Génocide au Rwanda: un ancien préfet jugé à partir de lundi à Paris

C'est le plus haut responsable jamais jugé en France pour le génocide des Tutsi au Rwanda en 1994: vingt-huit ans après, le procès de l'ancien préfet rwandais Laurent Bucyibaruta s'ouvre lundi devant la cour d'assises de Paris.

Il s'agit de la quatrième affaire jugée par la France pour des crimes liés au génocide qui a fait au moins 800.000 morts en 100 jours au Rwanda, essentiellement issus de la minorité tutsi, mais aussi des Hutu modérés.

Après un officier militaire, deux bourgmestres et un chauffeur, Laurent Bucyibaruta, réfugié en France depuis 1997, est celui qui administrativement avait le rang le plus élevé.

Il est reproché à l'ex-préfet de Gikongoro (sud), une des régions où les tueries furent les plus violentes, d'avoir organisé ou participé à plusieurs réunions au cours desquelles ont été planifiés des massacres, en incitant notamment au regroupement de Tutsi et à leur extermination.

L'ancien fonctionnaire, sous contrôle judiciaire, encourt à 78 ans la réclusion à perpétuité pour génocide, complicité de génocide et complicité de crimes contre l'humanité.

Laurent Bucyibaruta "conteste depuis le début ces accusations", ont déclaré à l'AFP ses avocats, MMe Jean-Marie Biju-Duval, Joachim Levy et Ghislain Mabanga Monga Mabanga, qui "vont plaider l'acquittement".

Le procès, prévu pour durer dix semaines, doit s'ouvrir lundi après-midi avec l'examen de conclusions de la défense demandant l'annulation des poursuites engagées il y a vingt-deux ans.

Si elle ne fait pas droit à cette demande, la cour d'assises pourra commencer à examiner le fond de l'affaire.

- Pas un "subalterne" -

Une centaine de témoins doivent être auditionnés, venus du Rwanda ou en visioconférence.

Le planning a été aménagé compte tenu de l'état de santé de l'accusé, et les audiences seront en principe limitées à sept heures par jour.

"On court derrière le temps. Tout ce qu'on espère, c'est que ça ne sera plus retardé, qu'il sera assez vaillant pour écouter ce qui est dit et être confronté" aux accusations, souligne Etienne Nsanzimana, président d'Ibuka France, une association de rescapés.

L'enquête lie l'ex-préfet à six scènes principales de massacres, qui ont fait des dizaines de milliers de morts.

"Sa défense est de dire +je n'ai rien pu faire, j'étais dépassé+. Mais il était préfet, donc responsable", estime Alain Gauthier, président du Collectif des parties civiles pour le Rwanda (CPCR).

Fonctionnaire depuis près de trente ans au moment des faits, une carrière d'une exceptionnelle longévité, Laurent Bucyibaruta était pour l'accusation "un homme rompu à l'exercice du pouvoir".

"Ce n'est pas le subalterne qui peut faire semblant qu'il ne savait pas ce qui se passait.

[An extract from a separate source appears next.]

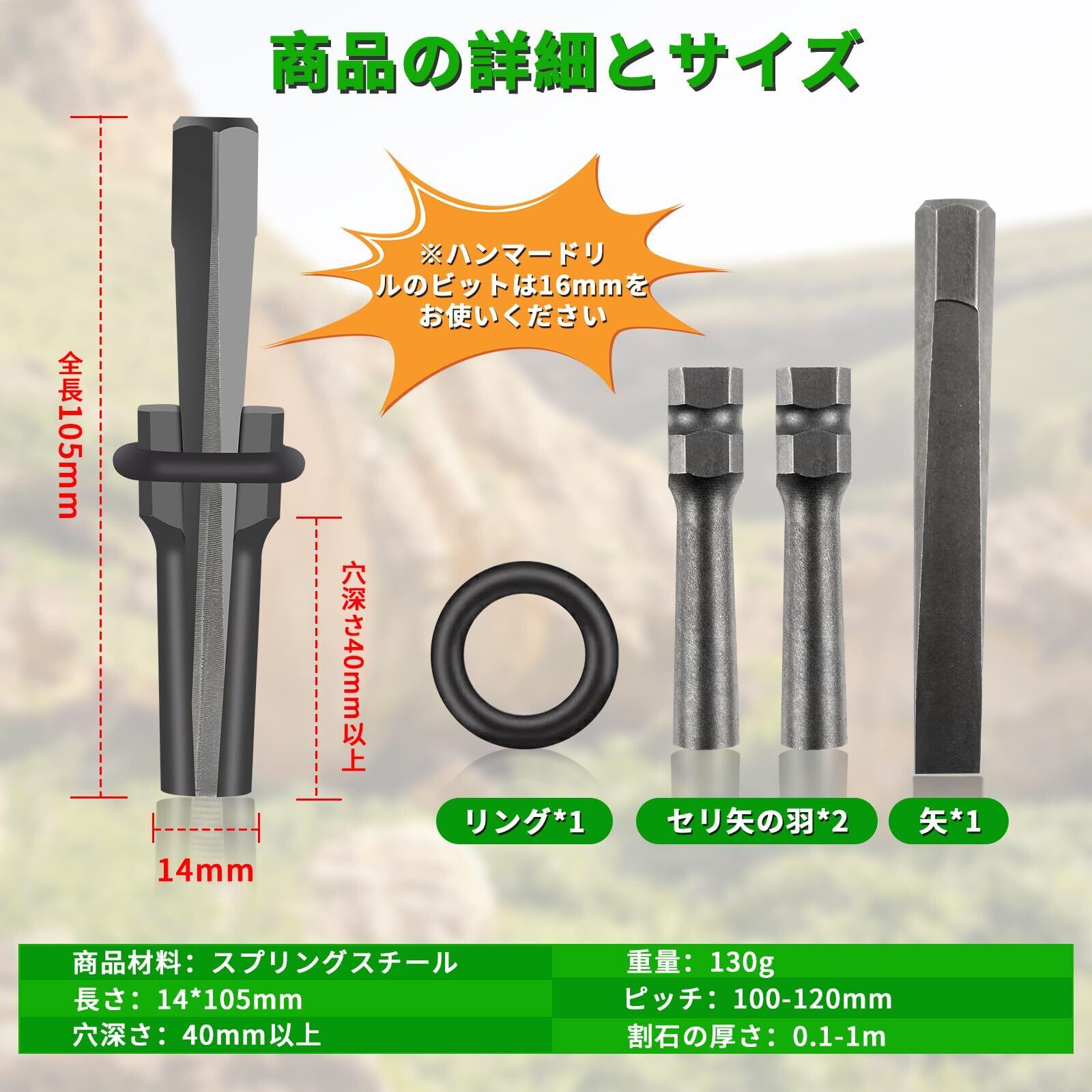 ️【せり矢 14mm セット】セリ矢14mm 4本とコンクリートドリルビット14mm1本のセット。岩割りウェッジは高品質のスプリングスチールと ゴム製シールリング付き、熱処理プロセス、高い硬度、靭性、壊れにくく、長期間使用できます。

C'est inaudible, insupportable pour les victimes", tacle Me Rachel Lindon, avocate d'ONG parties civiles et d'un Rwandais dont la famille a été massacrée dans une église.

"Il était l'incarnation, dans cette préfecture, du pouvoir national, c'est lui qui avait tout pouvoir sur ce territoire", renchérit Me Emmanuel Daoud, avocat de la Fédération internationale des droits de l'Homme (FIDH), à l'origine de la plainte en 2000.

- Tueries -

Dans la préfecture de Gikongoro, comme ailleurs au Rwanda, les tueries débutent peu après l'attentat contre le président hutu Juvenal Habyarimana le 6 avril 1994.

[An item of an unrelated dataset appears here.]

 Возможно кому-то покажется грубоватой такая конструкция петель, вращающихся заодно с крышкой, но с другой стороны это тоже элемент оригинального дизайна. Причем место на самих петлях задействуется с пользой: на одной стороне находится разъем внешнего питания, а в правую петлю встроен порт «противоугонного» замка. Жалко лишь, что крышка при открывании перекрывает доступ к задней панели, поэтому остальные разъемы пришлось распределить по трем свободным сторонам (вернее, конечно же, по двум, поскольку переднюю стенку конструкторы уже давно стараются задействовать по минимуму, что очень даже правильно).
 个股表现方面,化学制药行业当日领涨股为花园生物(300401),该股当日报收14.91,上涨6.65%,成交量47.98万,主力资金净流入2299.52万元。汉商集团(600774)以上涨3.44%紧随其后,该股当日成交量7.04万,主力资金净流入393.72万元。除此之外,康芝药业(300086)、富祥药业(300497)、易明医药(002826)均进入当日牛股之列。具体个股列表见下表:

L'école technique en construction de Murambi, sur la commune de Nyamagabe, est le théâtre du massacre le plus effroyable de la région, et l'un des plus sanglants du génocide dans ce petit pays d'Afrique. Le site est depuis devenu un mémorial.

Le 21 avril 1994 vers 03h00 du matin, des dizaines de milliers de réfugiés tutsi, regroupés sur le site à l'initiative du préfet qui leur assurait "protection", sont encerclés et tués. Une poignée survit, en prenant la fuite ou en se cachant parmi les cadavres.

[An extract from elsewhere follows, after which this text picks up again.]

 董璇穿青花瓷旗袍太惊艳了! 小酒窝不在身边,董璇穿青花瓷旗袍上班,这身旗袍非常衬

Les tueries se poursuivent dans la journée dans deux paroisses voisines, où des Tutsi avaient espéré gagner un sanctuaire.

Laurent Bucyibaruta est également renvoyé pour sa responsabilité dans le massacre d'environ 90 élèves tutsi à l'école Marie Merci de Kibeho, le 7 mai 1994, et l'exécution de prisonniers tutsi, dont trois prêtres, à la prison de Gikongoro, des accusations qu'il conteste également.

Il a en revanche bénéficié d'un non-lieu concernant le meurtre d'un gendarme rwandais et les viols de femmes tutsi par des miliciens.

Le Tribunal pénal international pour le Rwanda (TPIR) avait un temps réclamé Laurent Bucyibaruta, mais il s'était finalement dessaisi au profit des juridictions françaises.

Justice Info est sur WhatsApp
Découvrez notre première Chaîne WhatsApp et recevez, en temps réel, une notification pour chaque publication mise en ligne sur notre site, avec un résumé et des extraits ou citations. Chaque soir, vous aurez accès à notre revue des dépêches AFP du jour. Chaque fin de semaine, un récapitulatif de nos publications.
Poursuivez la lecture...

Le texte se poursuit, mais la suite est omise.